** Opening SOURCE RECORDS block **

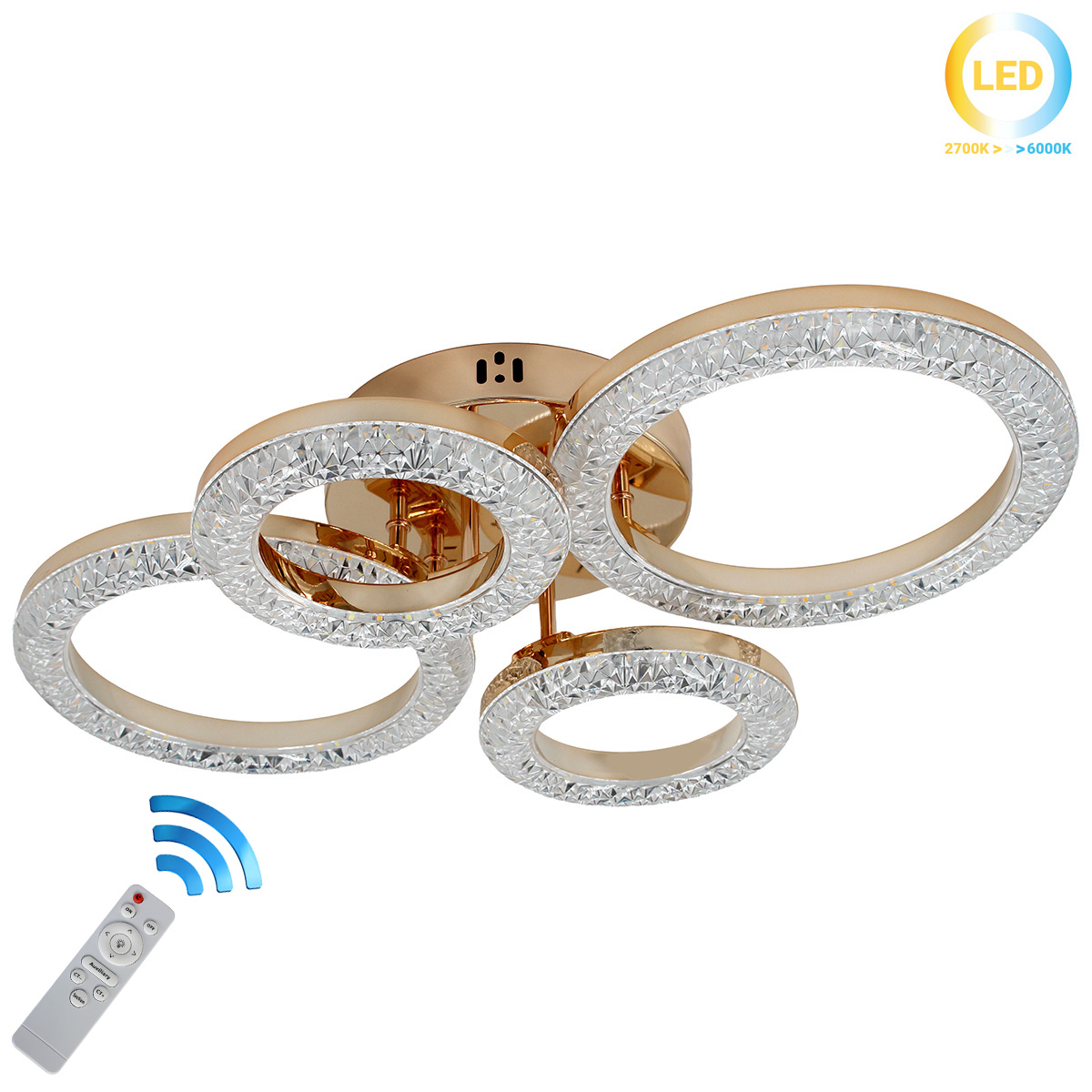 Αυτό το φωτιστικό οροφής LED 60W 60Χ40Χ13 εκ. σε χρυσό με ακρυλικό και controller αποτελεί εντυπωσιακή επιλογή για μεγαλύτερους χώρους. Η καμπύλη του σχεδίαση δημιουργεί αρμονικό φωτισμό. Διαθέτει επιλογή θερμοκρασίας φωτός και dimmer για προσωπική προσαρμογή.
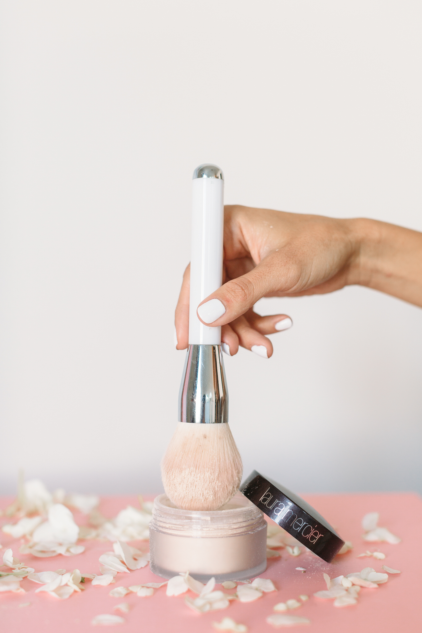 4. Setting Powder: Layering a setting powder over your liquid foundation or tinted moisturizer helps it set and stay in place. I’m super picky with my powders because I hate that thick makeup look, but this one blends really well and is really light and translucent. Use your fluffiest brush to swirl, tap off excess powder, and apply to your cheeks, mid-forehead, nose, and chin.
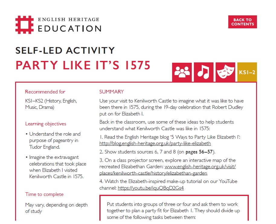 Party Like It's 1575 (KS1-KS2) - Kenilworth Castle Teachers' Kit
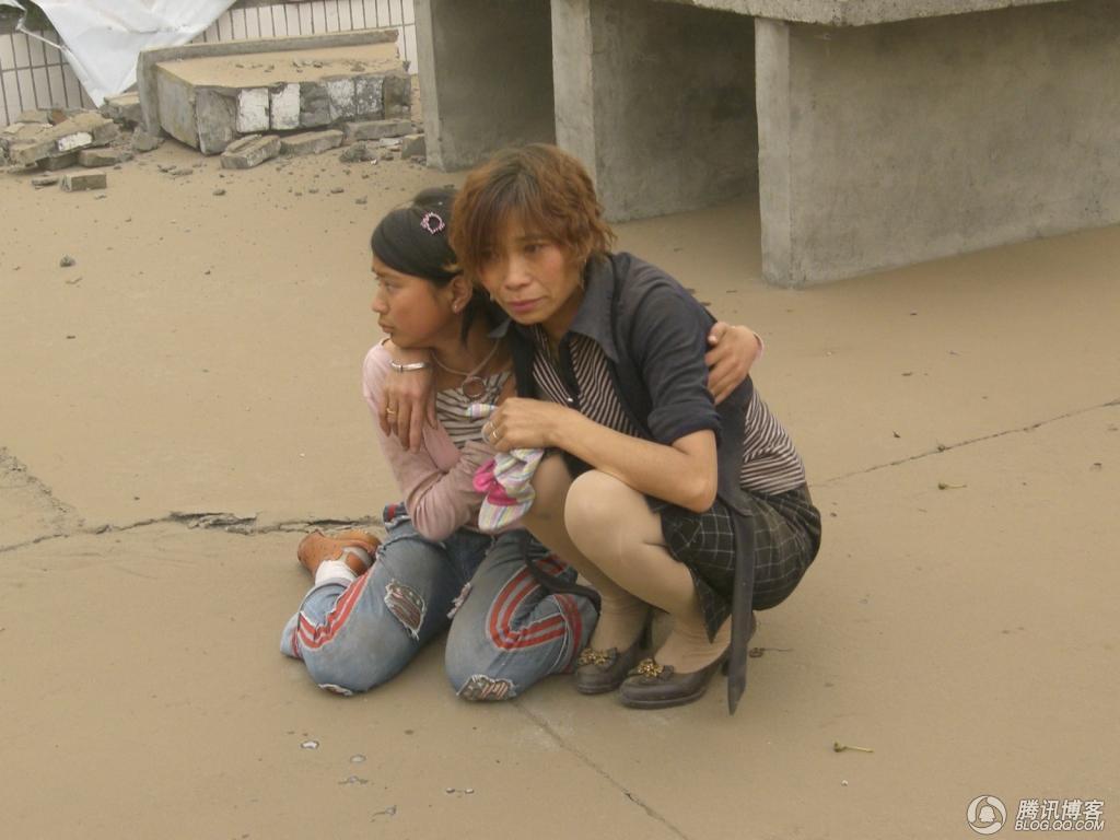大地还在剧烈颤抖,逃出废墟的母女俩躲进学校操场相互偎依惊恐万状(图片说明:勒克儿;图:刘汉希望学校教师 李兴奎 摄于2008-5-12 14:42)
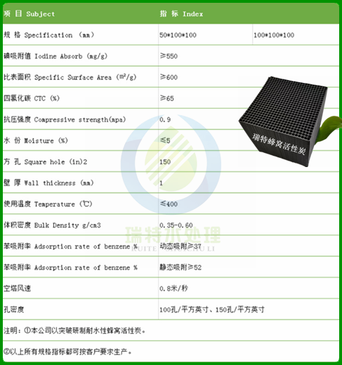 以上蜂窩活性炭產(chǎn)品信息由鞏義市瑞特水處理材料有限公司技術(shù)部整理發(fā)布,緊供大家參考。

** Closing SOURCE RECORDS block **

WHAT NEEDS TO BE DONE: The preceding listing is to be restated word for word, with every picture omitted.

YOUR SOLUTION:
 Αυτό το φωτιστικό οροφής LED 60W 60Χ40Χ13 εκ. σε χρυσό με ακρυλικό και controller αποτελεί εντυπωσιακή επιλογή για μεγαλύτερους χώρους. Η καμπύλη του σχεδίαση δημιουργεί αρμονικό φωτισμό. Διαθέτει επιλογή θερμοκρασίας φωτός και dimmer για προσωπική προσαρμογή.
 4. Setting Powder: Layering a setting powder over your liquid foundation or tinted moisturizer helps it set and stay in place. I’m super picky with my powders because I hate that thick makeup look, but this one blends really well and is really light and translucent. Use your fluffiest brush to swirl, tap off excess powder, and apply to your cheeks, mid-forehead, nose, and chin.
 Party Like It's 1575 (KS1-KS2) - Kenilworth Castle Teachers' Kit
大地还在剧烈颤抖,逃出废墟的母女俩躲进学校操场相互偎依惊恐万状(图片说明:勒克儿;图:刘汉希望学校教师 李兴奎 摄于2008-5-12 14:42)
 以上蜂窩活性炭產(chǎn)品信息由鞏義市瑞特水處理材料有限公司技術(shù)部整理發(fā)布,緊供大家參考。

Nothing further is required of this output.